There was a time where you couldn't get an A-or-B list actor to play a comic book character in a movie. Now, everybody from Al Pacino to Terry Crews wants in on the money and fame that comes with being in a comic book movie. The problem that comes with this is you get actors and actresses playing roles that may or may not be suited for them. A white character is now black, a man is now a woman, and an Asian character now does not exist. Is this always a bad thing? Absolutely not. For example, Michael Clarke Duncan was one of the few saving graces in the Daredevil movie. But there is something to be said for some specific characters staying their designated race, creed, ethnicity, and sexual orientation because these attributes are integral to their character.

Whenever this conversation comes up, the first two characters that pop in my head are Luke Cage and Steve Rogers-two characters that at a glance could not be further apart. But for those of us who really read and love comic books, they have a lot of the same ideals. While Steve Rogers wanted to protect his country, Luke Cage set out to protect a small part of New York. But what's makes them extraordinary is their character.

Steve Rogers:

All he wanted to do was defend his country.
All he wanted to do was defend his country.
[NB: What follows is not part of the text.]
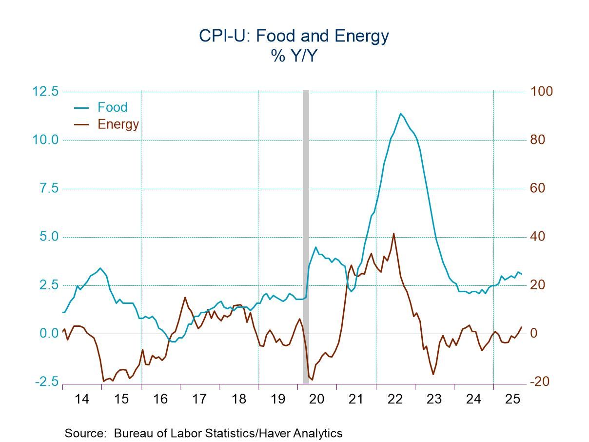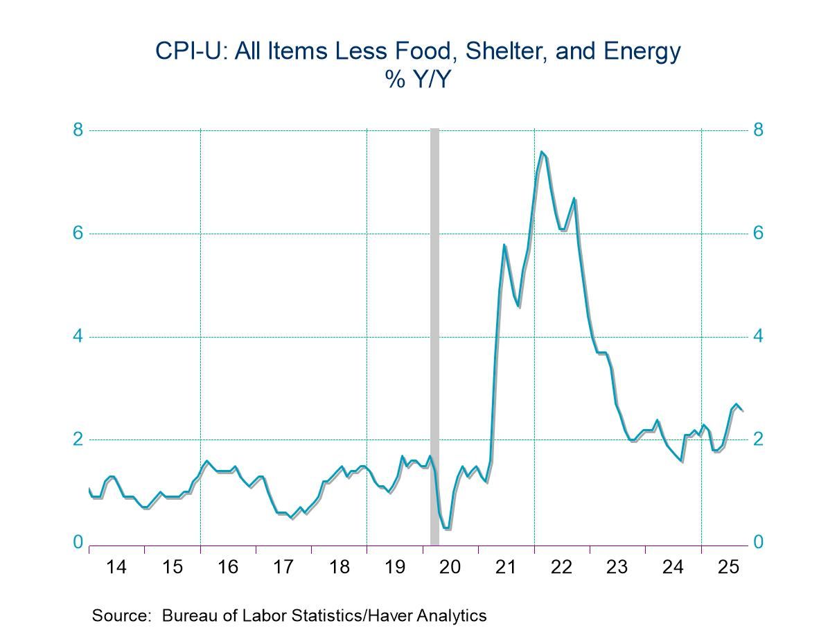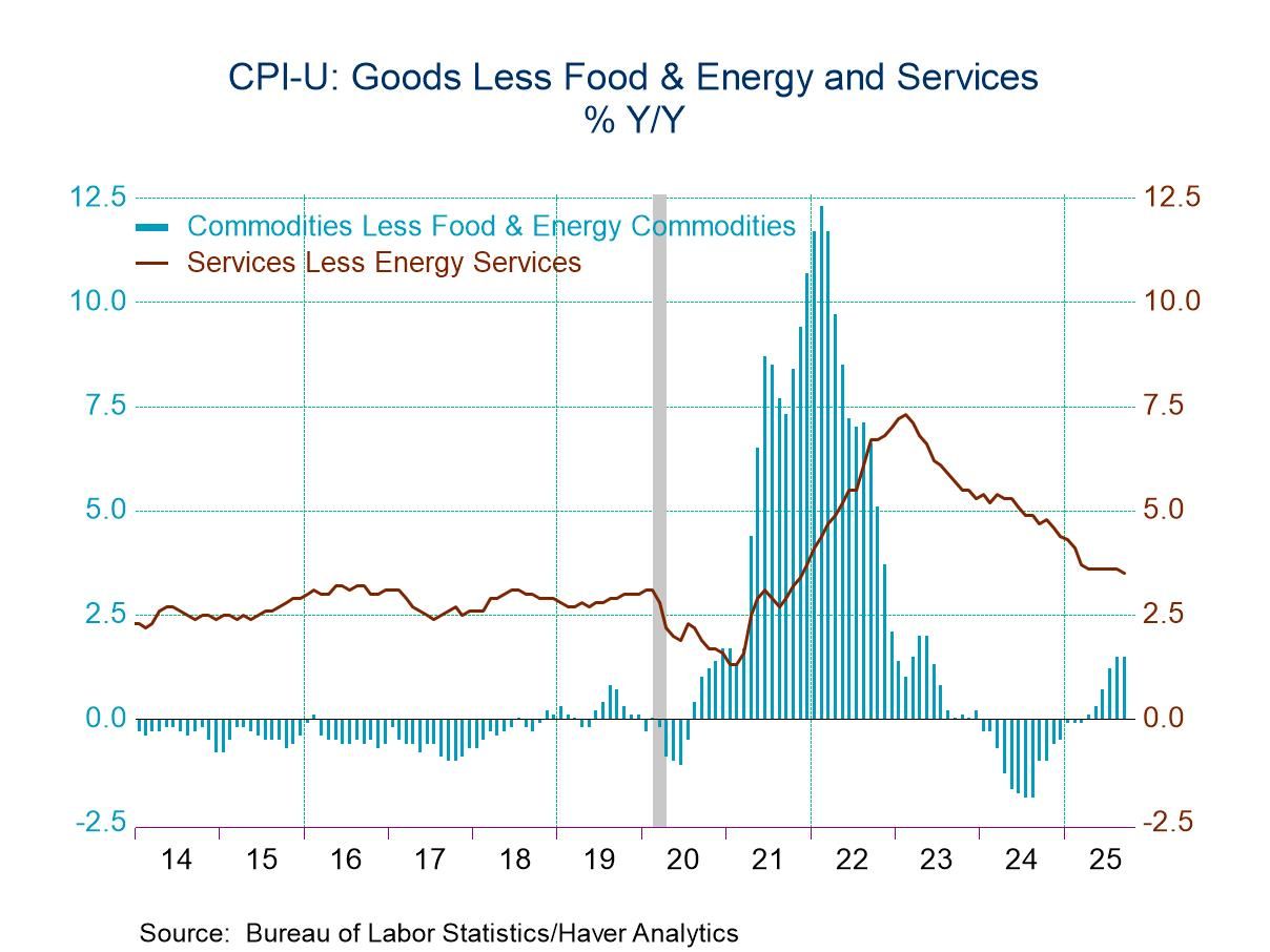 Goods prices less food and energy rose 0.2% in September after a 0.3% increase. The 1.5% y/y price rise compared to a 1.9% y/y decline in both July and August of 2024. Appliance prices rose 0.8% (1.3% y/y), after gaining 0.4%. Home furnishings prices rose 0.2% (3.0% y/y) after a 0.1% improvement in August. Recreation product costs increased 0.4% (0.8% y/y) in last month, after holding steady. Apparel prices increased 0.7% (-0.1% y/y) in September after rising 0.5%. Education & communication product costs declined 0.8% (-4.0% y/y), the third straight month of decline. Medical care goods prices eased 0.1% (NSA, +0.7% y/y) after falling 0.3% in August. Prices of used cars and trucks fell 0.4% (+5.1% y/y) last month, after rising 1.0% in August, while new vehicle costs rose 0.2% (0.8% y/y) after a 0.3% increase.

In the 1930s and 1940s, it wasn't very acceptable to look at people of color as equals. But Steve Rogers was always one to look at someone's character, rather than their skin. Steve Rogers (not Captain America) being a white, blonde haired, blue eyed male and being a supporter of equal rights is important. Because, in those times, there weren't many people who stood up for everyone regardless of what they believed in. As long as you were good person, Steve Rogers would defend you. Heck, sometimes he sees more in people than they see in themselves and that means he sometimes defends criminals. Making Steve Rogers another race takes away from what he stood for. Not Captain America. Any race can take the Captain America mantle. But Steve Rogers' story is one of inclusivity, at a time when this wasn't something everyone- white males in particular- were striving for. Steve Rogers being a white male is crucial for his character arc.
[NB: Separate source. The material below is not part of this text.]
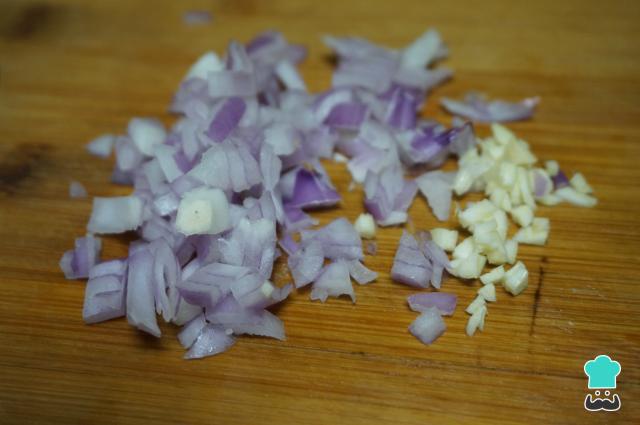 Comece por descascar a cebola e o alho e picar em cubinhos, como na foto.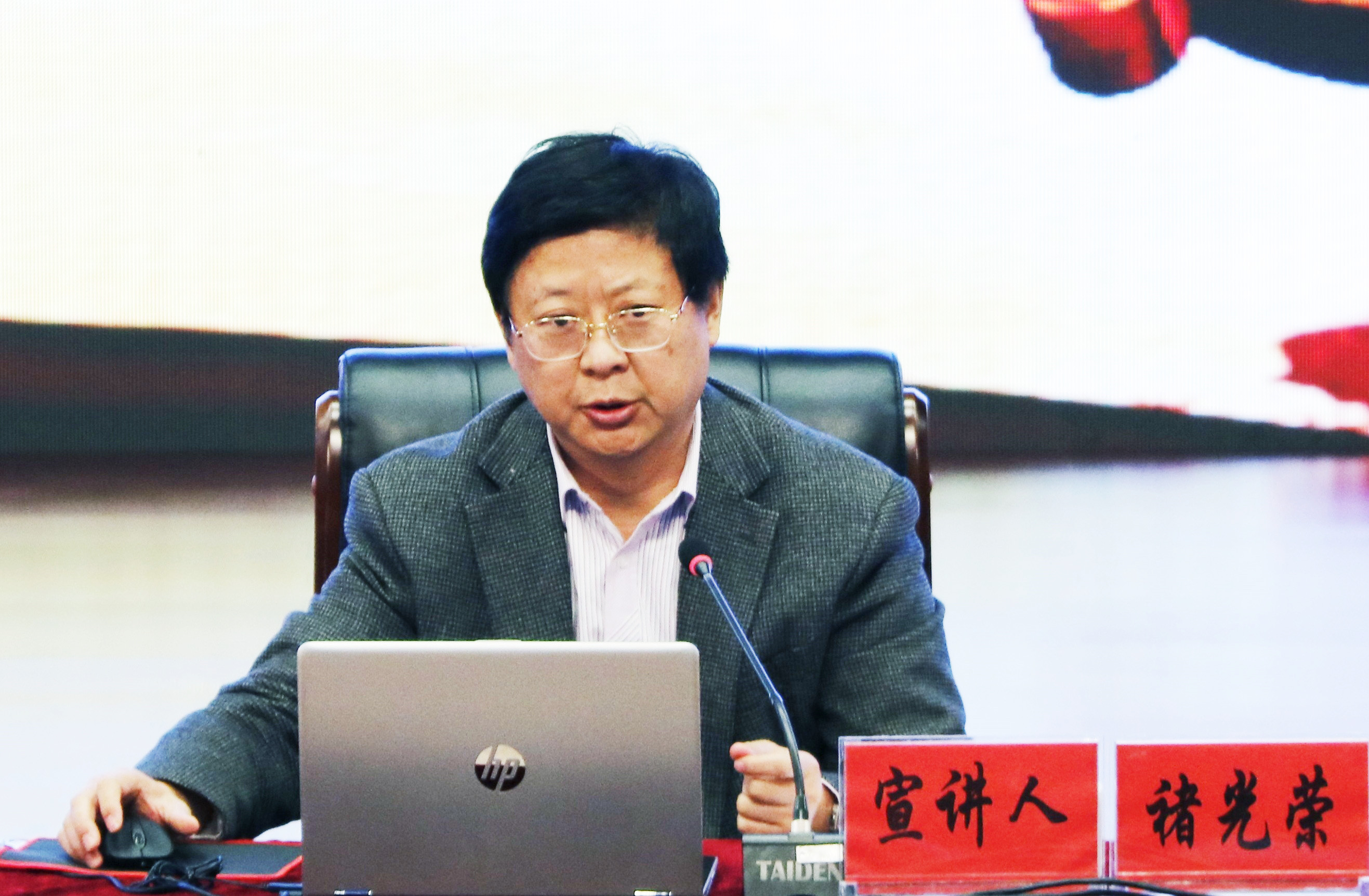 褚光荣书记通过一则短片,和大家一起重温十九大的盛况。他从全面准确学习领会党的十九大精神;深刻学习领会习近平总书记在贵州省代表团重要讲话精神;坚持后发赶超,突出内涵发展,展示贵州高等教育新作为等三个方面深入宣讲。

One of the deepest moments in comics.
One of the deepest moments in comics.

Luke Cage:

Then there's Luke Cage a character I couldn't stand until writer Brian Michael Bendis got a hold of him and made him more than just a stereotype in a yellow shirt. Bendis turned him into a leader of Marvel's premier superhero team. He went to jail, survived a super soldier like experiment, changed who he was, and never forgot where he came from, but never used it as a crutch. For me, a black man, I read Luke Cage in comics and I'm happy. He's not just some random black hero who only fights the man. He is black superhero who fights for everyone. And like Steve Rogers, Luke doesn't see color. Heck, his best friend is a rich goofy white guy and he married a white woman. Luke is proud of what he is and never shies away from telling people where he came from, because he eventually got out. Sure, this role could be played by a poor person of another color, but for a black male who didn't have a lot of black male superheroes to look up to, it's refreshing having someone like him around now. Luke Cage remained a hero all while raising his daughter, being a great, and a person the people in his community could look up to.
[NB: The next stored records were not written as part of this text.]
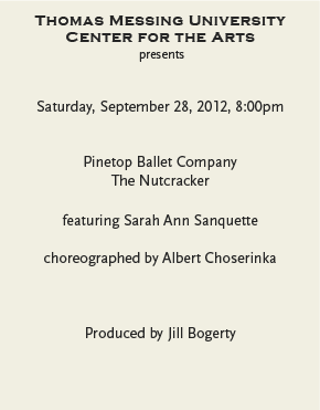 The addition of color is the final touch, creating a more lively, eye-catching composition. Color also adds emphasis to the most important elements, namely the ballet title and the dance company. The rest of the text is now dark gray, allow it to recede a bit more from the red and green type. Set in Copperplate Gothic, Scala and Scala Sans, and Home Run.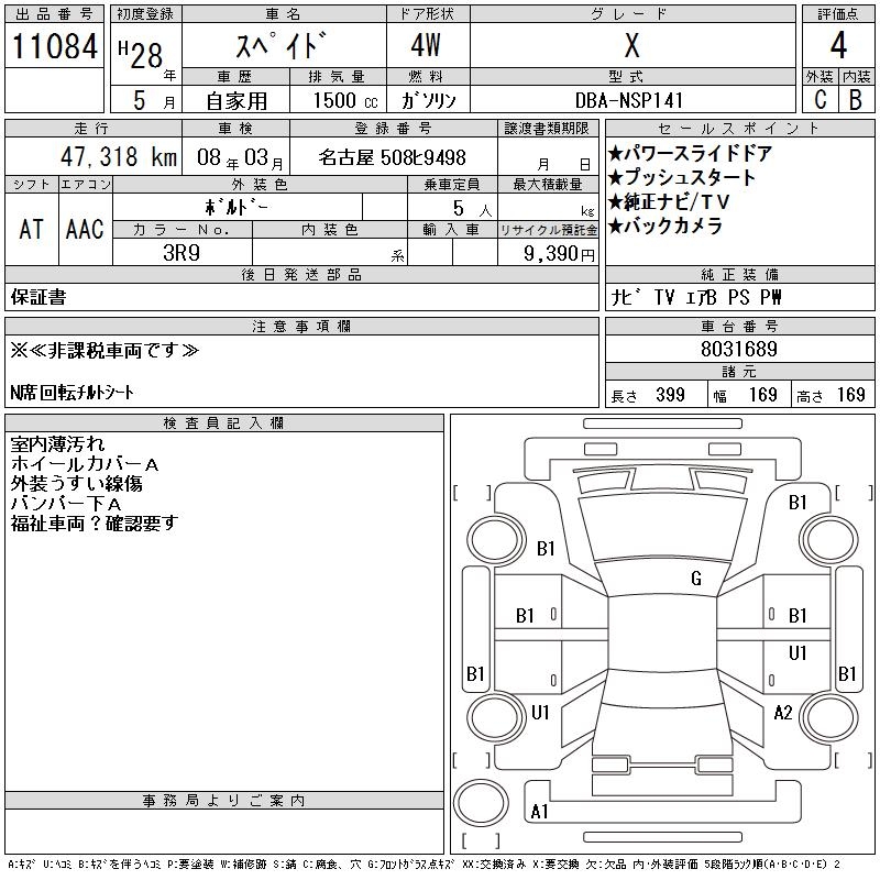 TOYOTA SPADE X - лот 11084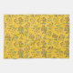 Seamless floral pattern with delicate branches, blue-green leaves, and pink buds on a vibrant yellow background, creating a cheerful, lively tone.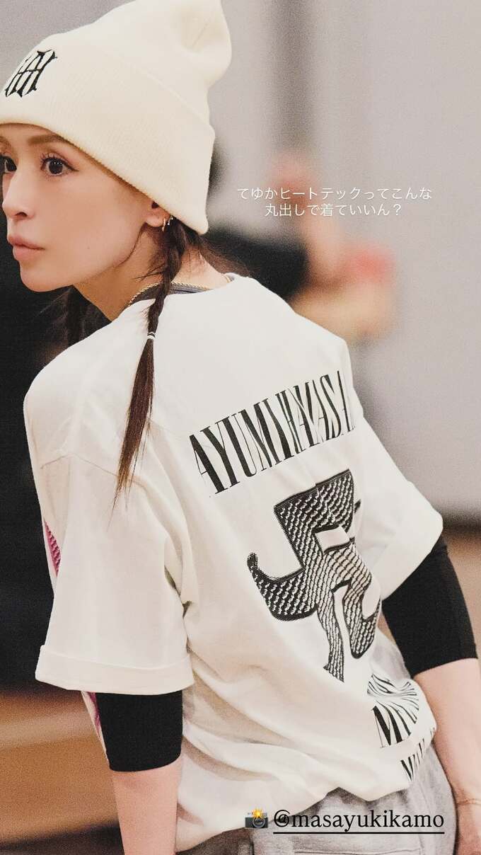 さらに浜崎さんは、その衣装でスタジオリハーサルでの姿を投稿。オーバーサイズぎみなTシャツの袖からは保温インナーの袖が肘から先を覆っているのが覗いていて「ヒートテックってこんな丸出しで着ていいん?」と自問。「全然全然だいじょーぶ」「出して着るのあり派」など同意のコメントも寄せられています。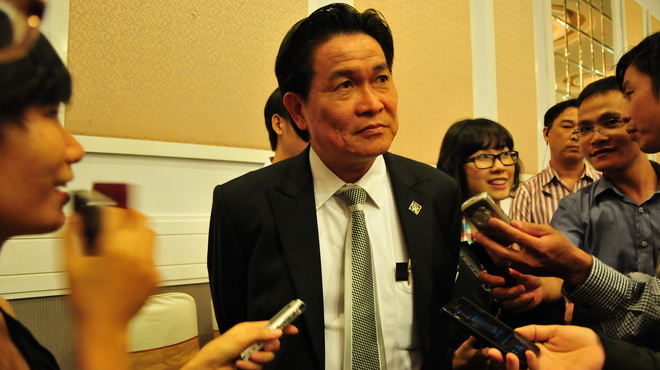 Ông Đặng Văn Thành trao đổi với báo chí tại kỳ đại hội đồng cổ đông thường niên 2011 - Ảnh: Thanh Đạm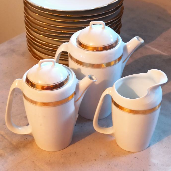 za posluživanje mesnih jela, zdjela za salatu, okrugli poslužavnik za torte, servis za čaj i kavu sa po 5 šalica.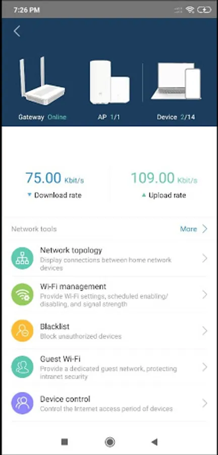 2. Blacklist, Wi-Fi settings, Parental control, and guest network management, providing refined control over your wired and wireless networks and connected devices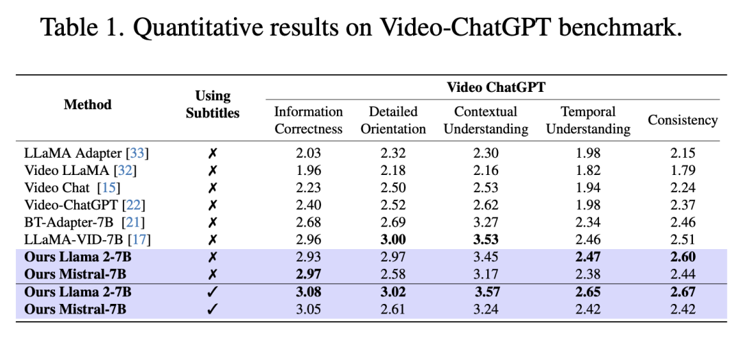表1所示的VideoChatGPT基准测试中,最新模型在没有字幕的情况下与之前的方法不相上下。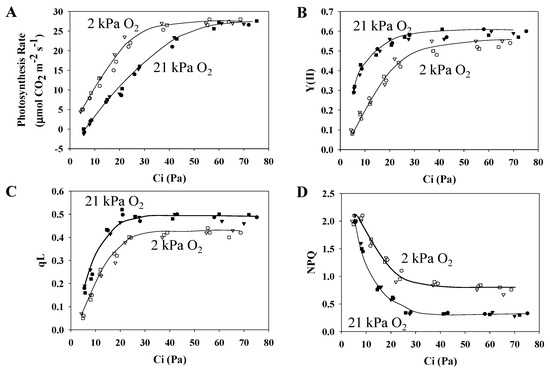 The following parameters were plotted against the leaf intercellular CO2 partial pressure (Ci) under the two pO2 conditions: the photosynthesis rate (Figure 1A), the PSII quantum yield (Y(II)) (Figure 1B), qL reflecting the QA redox state in PSII (Figure 1C), and NPQ (Figure 1D).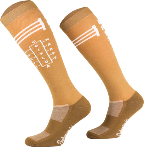 Zabawna skarpety jeździeckich dla koniarzy z poczuciem humoru. Wykonane są z elastycznego materiału. Dobrze wchłaniają pot i odprowadzają go na zewnątrz. Posiadają wzmocnienia, które zapobiegają przed ścieraniem się skarpet na stopie.

Awesome new characters. Not rehashed ones.
Awesome new characters. Not rehashed ones.

Michelle Rodriguez said it best when she said that we should be making more characters of different races instead of taking old characters and changing what they are. Look at Rey and Finn in Star Wars: The Force Awakens. They kicked @$$. A woman and a black guy. Two new characters that starred in a movie that was knocking on the door of being the highest-grossing film of all time. How did they do it? Good writing and great acting. It's a simple formula. Now, I know some people are not going to agree, and that's perfectly okay. I also know that I might be called all sorts of names for voicing my opinion. But I am sure we can all agree that it would be nice to see more NEW characters of all races (white, black, gay, Christian, Asian, etc) instead of rehashed characters with a new skin tone. It worked well for Steve Rogers and Luke Cage and many others, so there's no reason it can't work again.